Примерно так, например, спустя десятилетия стала мифом реальность СССР в восприятии потомков… Я прекратила через артефакты распространять своё влияние, чтобы добиться поставленной цели. Я хочу возникновения за пределами меня закрытой реальности, в которой люди проходят мимо и не видят. Я для них как бы заговорённая, а в те области, где было Предзонье, вернулась нормальная реальность. Может, не совсем такая, какою она могла бы быть, не случись Чёрный Край вообще… Но по крайней мере что-то похожее, имеющее вероятностное право на существование, с привычными для людей законами природы.
Она взмахнула рукой в сторону клубящегося на том берегу реки непроницаемого тумана.

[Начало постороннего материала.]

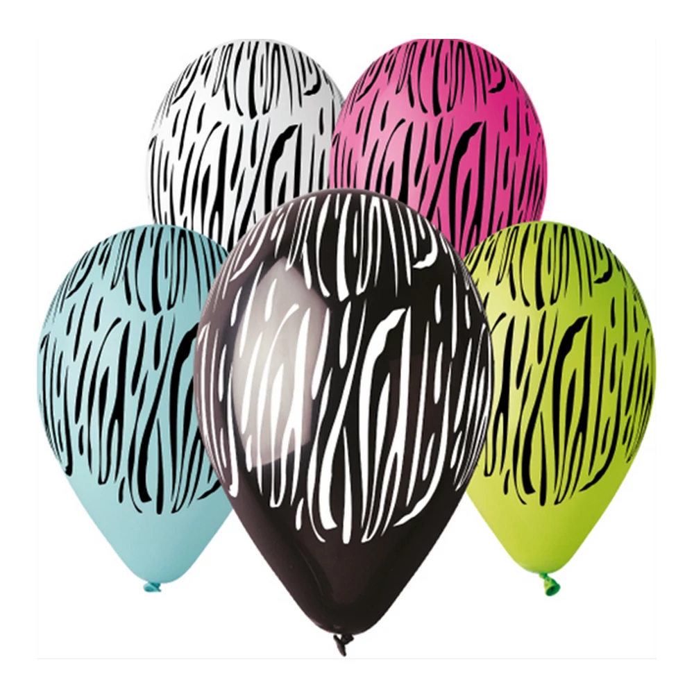 30 cm-es zebra csíkos printelt gumi léggömb - 100 db / csomag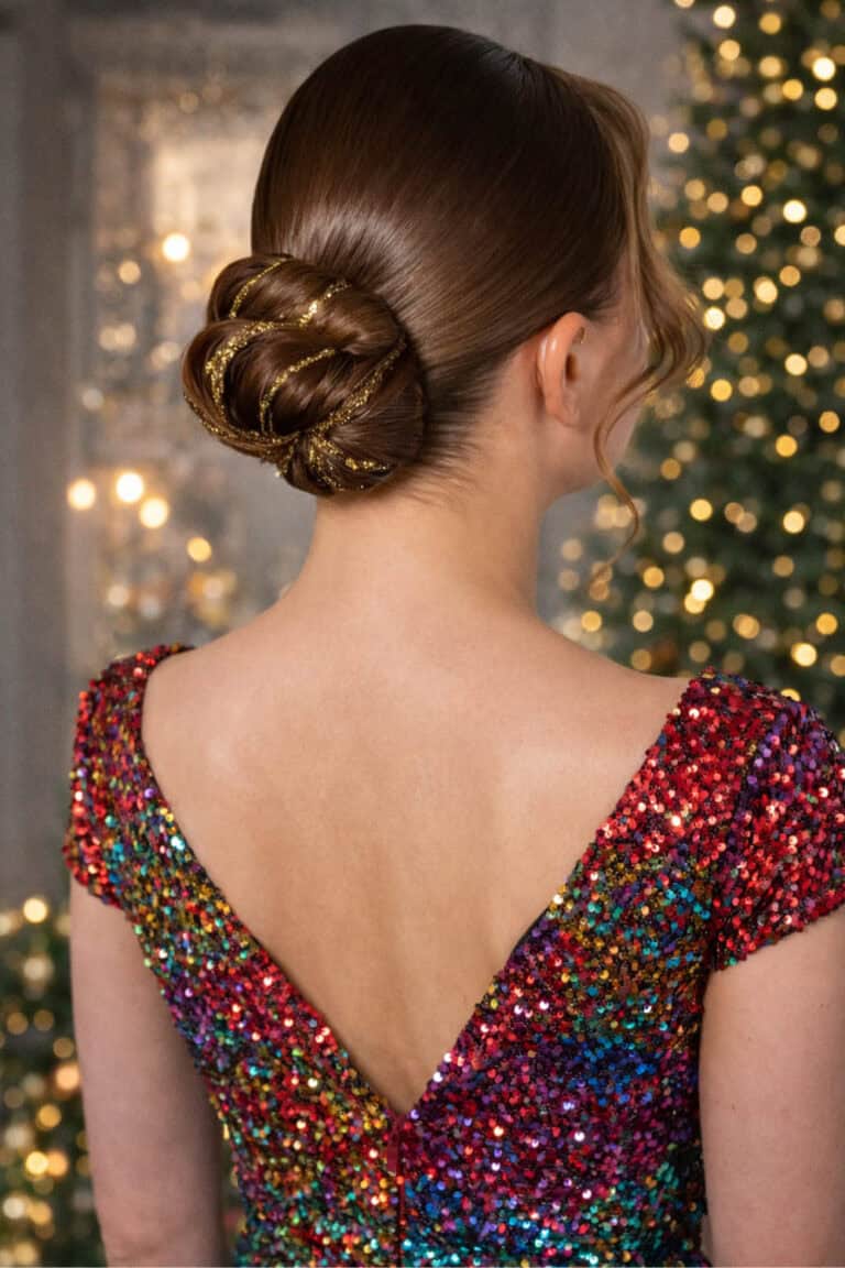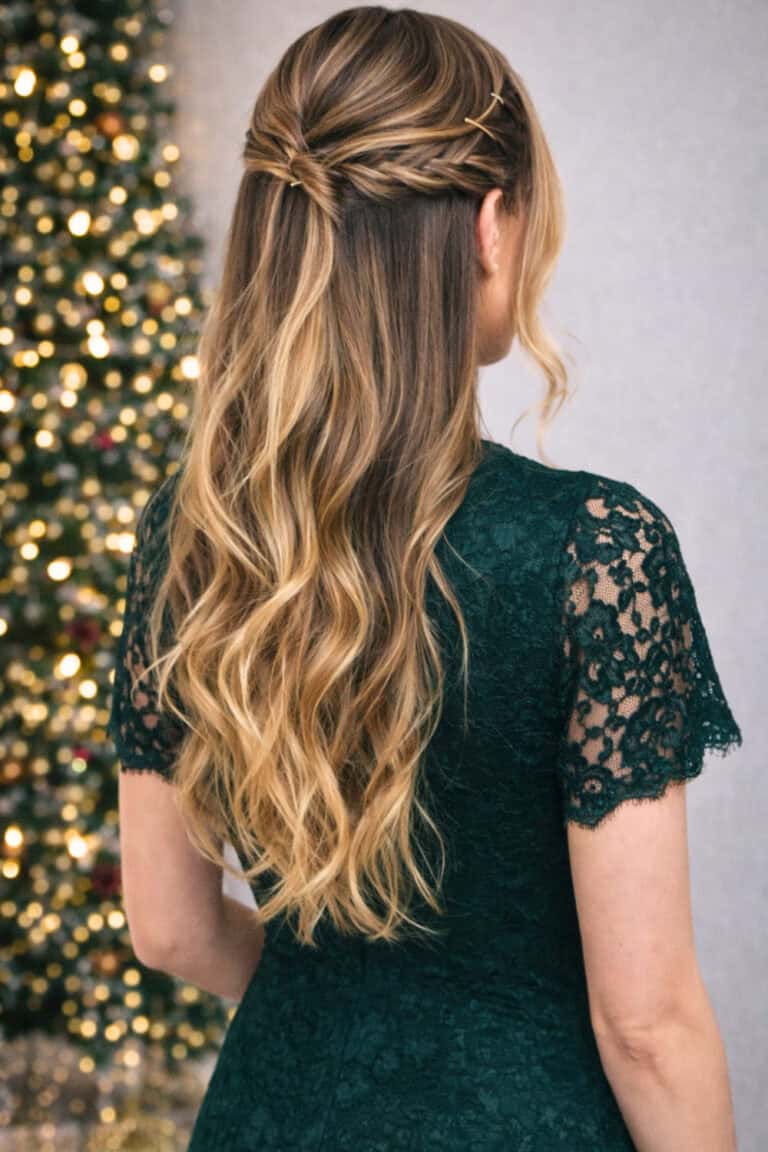 It feels elegant without being stiff, festive without trying too hard, and perfect for holiday parties where you want your hair to look done but still move.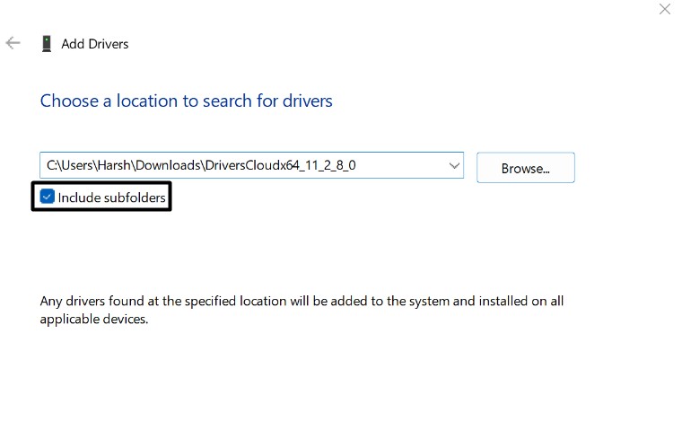 4.Ακολουθήστε τις οδηγίες στην οθόνη για να εγκαταστήσετε με μη αυτόματο τρόπο τα προγράμματα οδήγησης στον υπολογιστή σας Windows 11.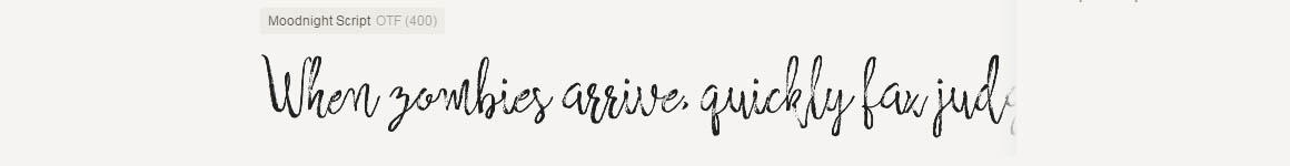 Moodnight Script is a new hand brush font , elegant, organic fun with dancing baseline. Different alternates and swashes to the beginning and ends of all lowercase. Features 302+ glyphs and 130+ alternate characters. Opentype features with ligatures, stylistic sets and International support for most Western Languages is included. This fonts can be used for various purposes.such as headings, signage, signature, t-shirt, letterhead, lable, wedding invitation, logos, posters, news, badges etc. Moodnight Script is coded with PUA Unicode, which allows full access to all the extra characters without having special designing software. Mac users can use Font Book , and Windows users can use Character Map to view and copy any of the extra characters to paste into your favourite text editor/app.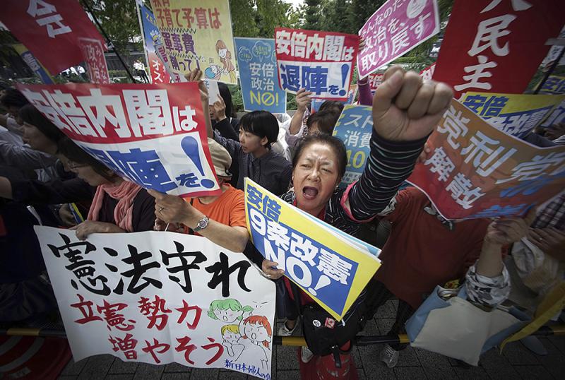 圖:日本民眾28日在東京的國會大樓外示威 美聯社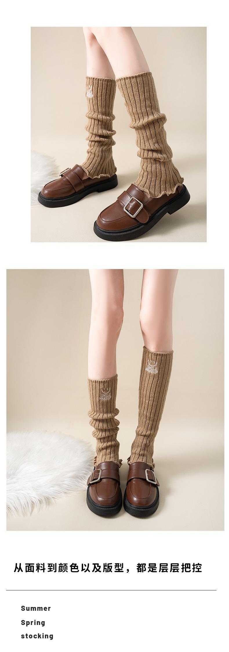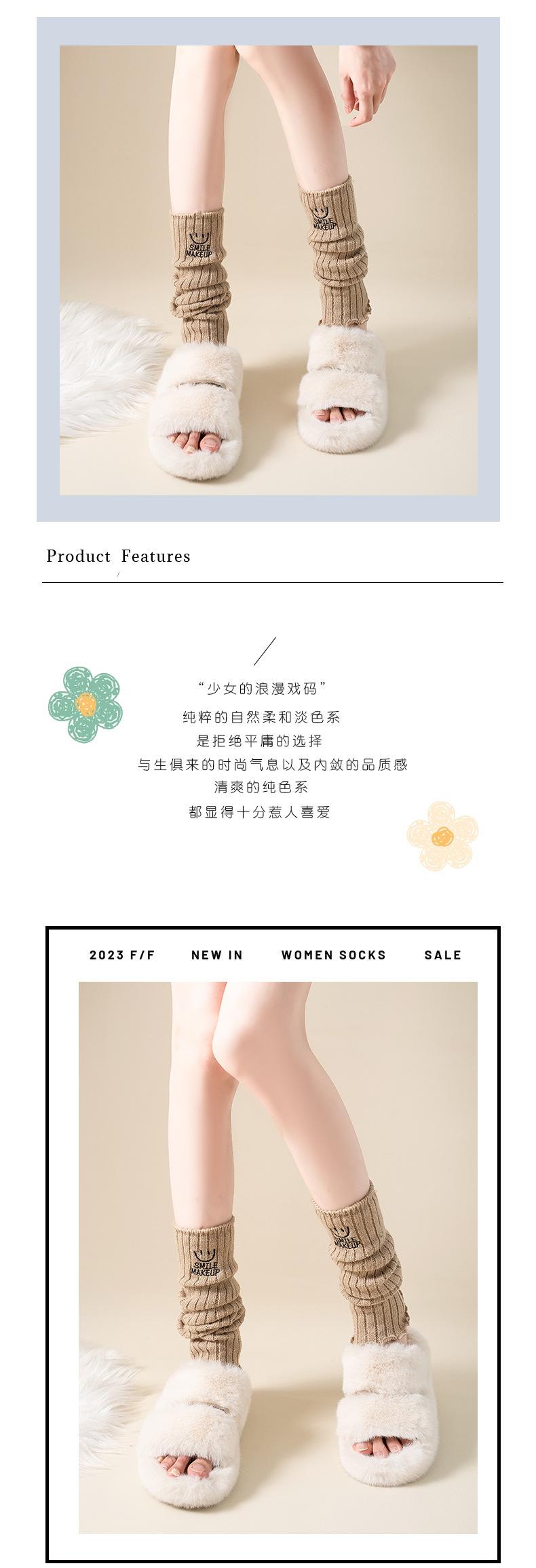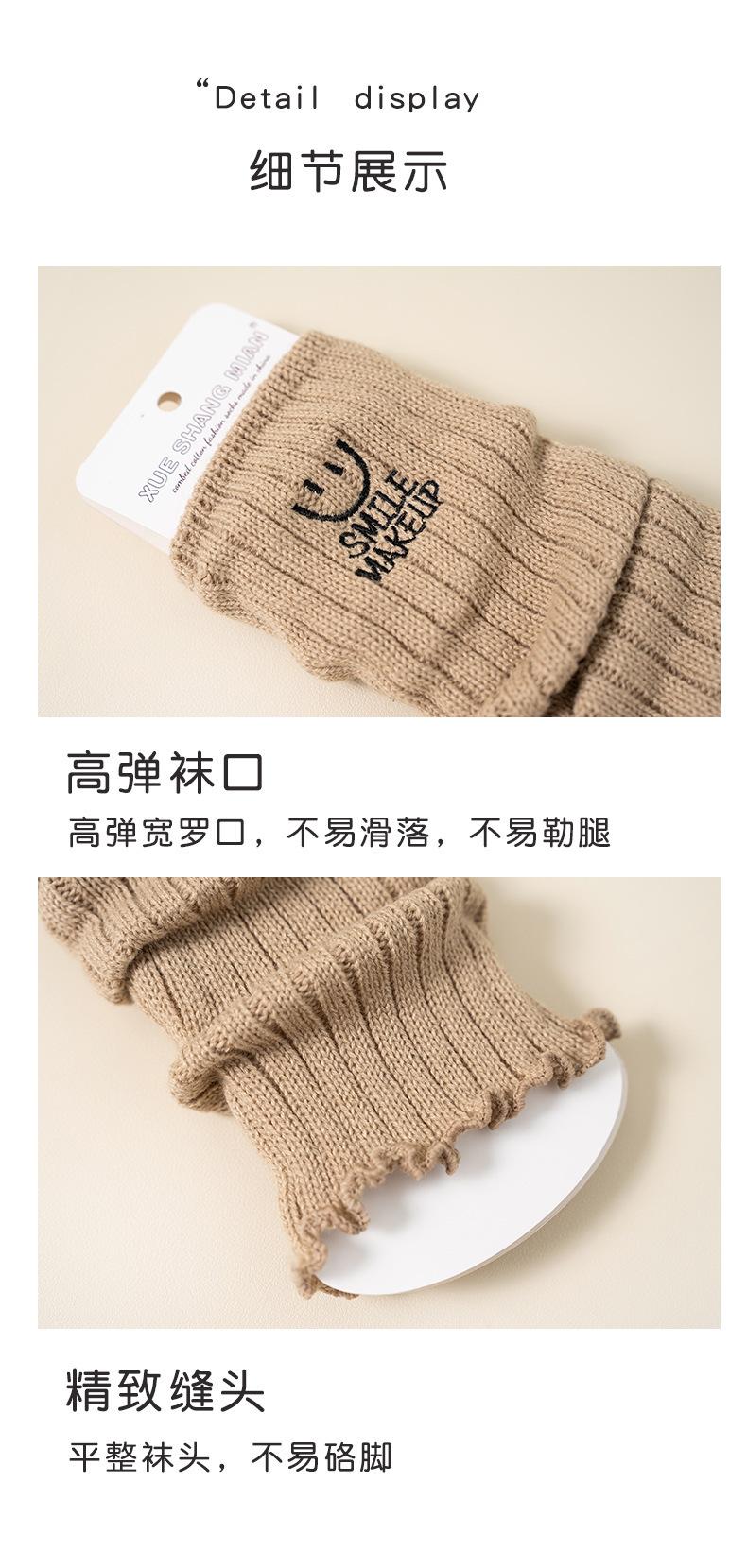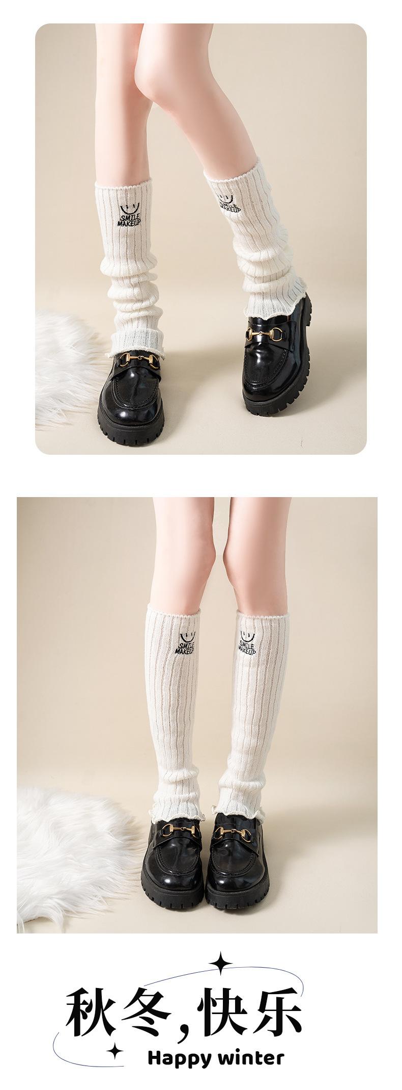 Calcetines apilados para mujer, otoño e invierno, medias adelgazantes para chicas calientes, bordadas con cara sonriente, cubiertas de piernas de lana de becerro japonesa, fábrica al por mayor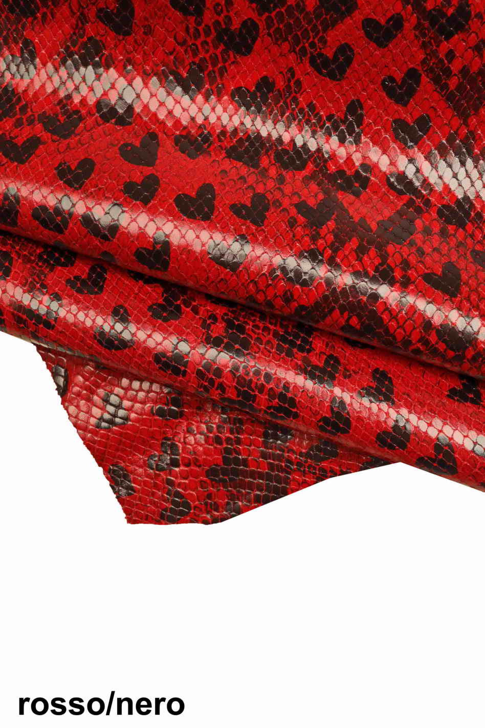 Pelle disegno CUORI, vitello stampato rettile rosso/nero e viola/verde, pellame lucido morbido stampa love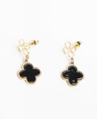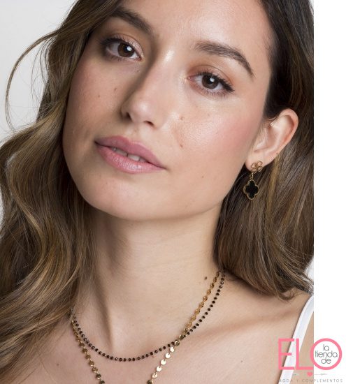 Pendiente en dos piezas en flor una calada y otra con piedra negra. de acero inoxidable con baño de oro de 14 kilates.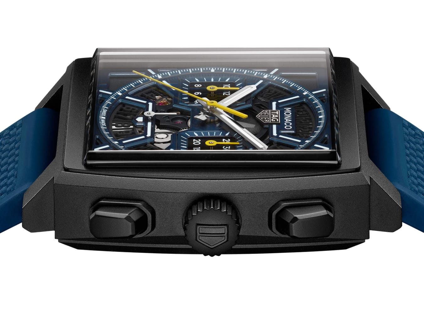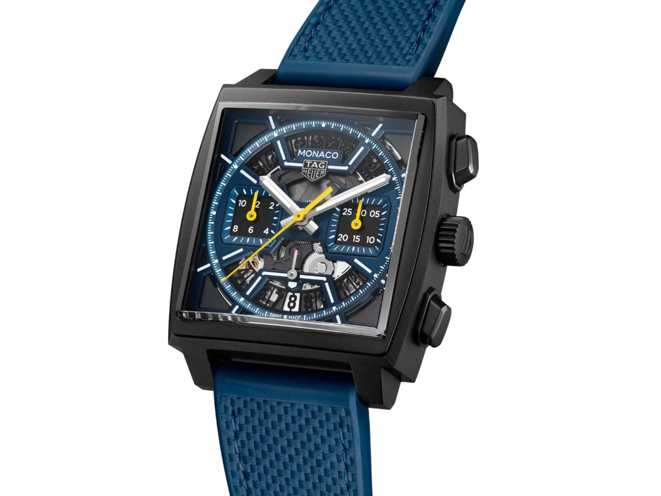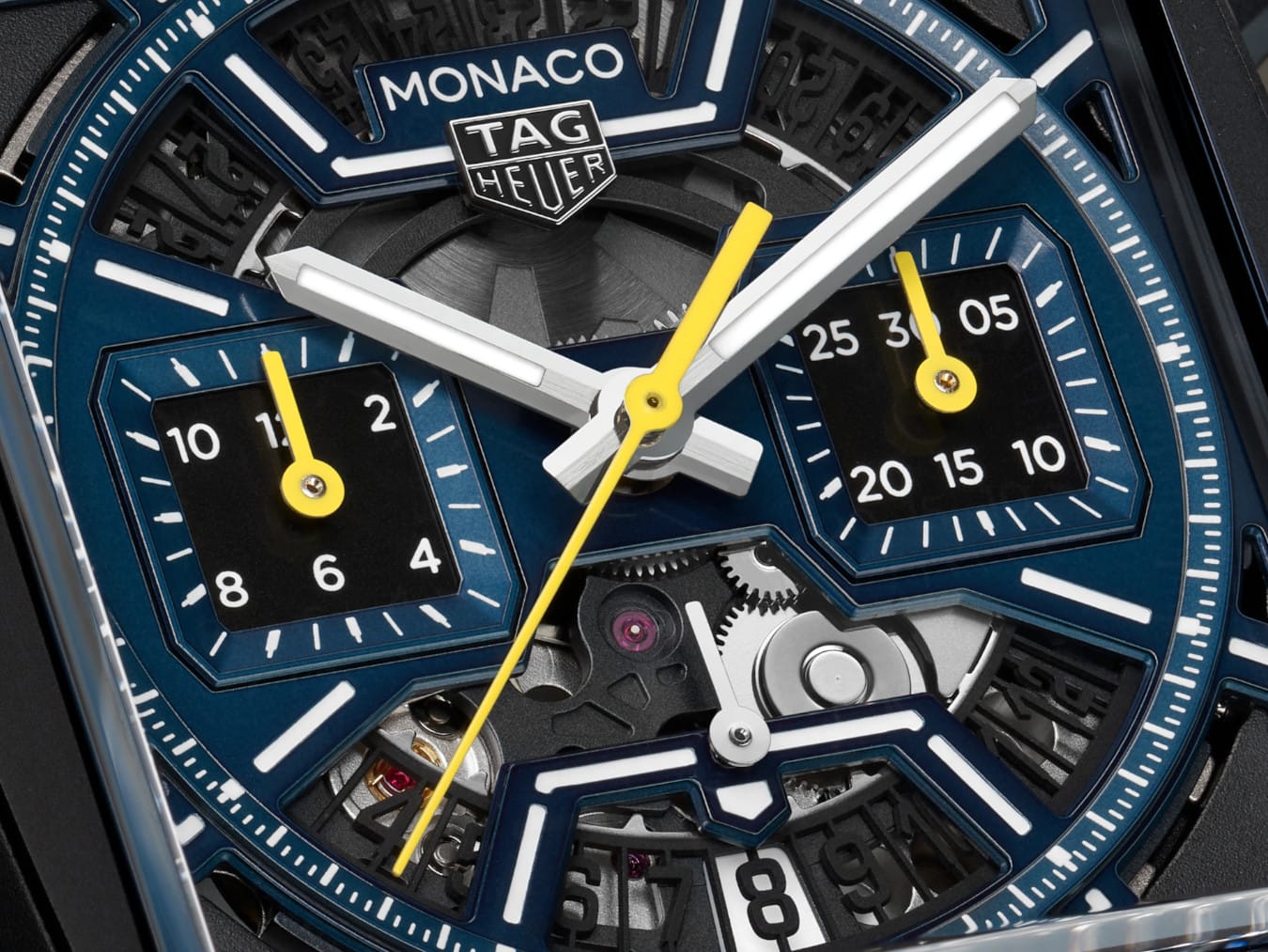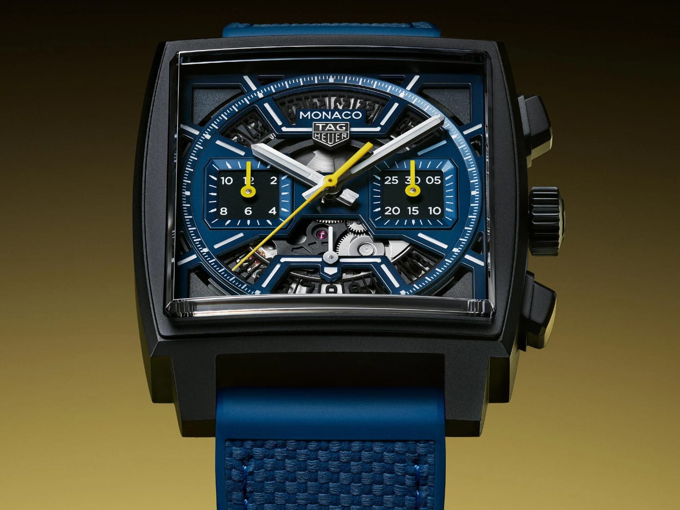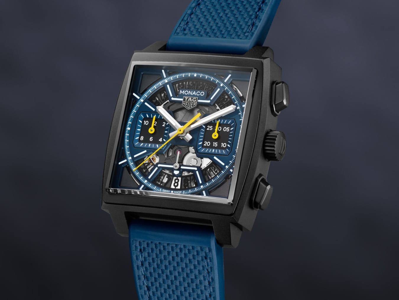Embrace the thrill of the race with this dark blue TAG Heuer Monaco. A modern reinterpretation of an iconic design, this timepiece combines a bold blue and yellow palette with a contemporary skeleton dial—A fiercely charismatic icon.

— Там, на месте кладбища миллионов душ, которых я погубила, должна вновь расцвести жизнь! Ох- хо-хо, я так этого хотела, когда приняла решение оставить человечество в покое, лишив соблазна беспокоить меня… Но удалось ли задуманное? Я не знаю. В ответ на мой неожиданный демарш нормальная реальность тоже закрыла мне доступ в себя. Непроницаемость с обеих сторон. Крепость в осаде. Враг не проберётся внутрь, но и осаждённым не выбраться наружу. За пределы застывшего, оцепеневшего настоящего… и прошлого. Того прошлое, которое всё-таки можно как-то изменить. Этим и занимается напарник. Ради того, чтобы попытаться открыть будущее и узнать, состоялось ли искупление вины. В этом будущем больше всего на свете я хотела бы оказаться вместе с любимым. В реальном времени, в настоящей реальности. Но при любом раскладе, увы, это кажется невозможным. Земля стремится наказать меня по своим законам. Напомнить, что любовь — это иллюзия, рождённая людьми, и что удел живого существа — одиночество. И реальность материнской планеты почти одолела меня, своё уродливое, нежеланное дитя… Об этом я боюсь говорить любимому человеку. Ему и без того тяжко приходится, хуже некуда, ежесекундно доказывать, что и один в поле воин. Человеку надо обязательно верить, что в победе есть смысл, даже если он сражается за… иллюзию.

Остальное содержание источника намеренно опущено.